The Gilmour baronetcy, of Liberton and Craigmillar in the County of Midlothian, was created in the Baronetage of the United Kingdom on 29 July 1926 for Robert Gilmour, a Brigadier-General in the British Army and Captain of the Royal Company of Archers. Born Robert Wolrige-Gordon, he assumed the surname of Gilmour on succeeding to the estates of his great-uncle Walter James Little Gilmour (1807–1887).

The 3rd Baronet was a Conservative politician and served as Secretary of State for Defence in 1974. In 1992 he was created a life peer as Baron Gilmour of Craigmillar, of Craigmillar in the District of the City of Edinburgh. He was succeeded in the baronetcy by his son, the 4th Baronet.

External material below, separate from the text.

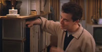 Record playing on turntable and LPs on shelves - Ellen Barkin has played an LP and puts it back in the wrong place and her husband Daniel Stern goes ballistic when he discovers her mistake. It's a painful scene to watch and includes his angry question "you never ask me what's on the flip side!"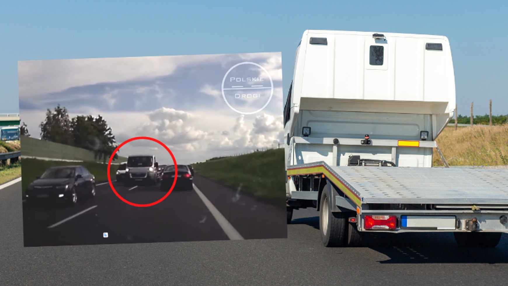 Na opublikowanym przez kanał Polskie Drogi nagraniu widać auta jadące po drodze dwupasmowej (po jednym pasie w każdą stronę). Z jednej strony auta zjeżdżają na pas awaryjny. Zwykle dzieje się tak, gdy środkiem ma przejechać pogotowie ratunkowe, straż pożarna, lub policja, ale tym razem to... laweta. Zwykła laweta marki Citroen i kierowca, któremu najwyraźniej bardzo się spieszyło.

==Gilmour baronets, of Liberton and Craigmillar (1926)==
- Sir Robert Gordon Gilmour, 1st Baronet (1857–1939)
- Sir John Little Gilmour, 2nd Baronet (1899–1977)
- Sir Ian Hedworth John Little Gilmour, 3rd Baronet (1926–2007) (created Baron Gilmour of Craigmillar in 1992)
- Sir David Robert Gilmour, 4th Baronet (born 1952)

The heir apparent is the present holder's only son Alexander Ian Michael Gilmour (born 1980).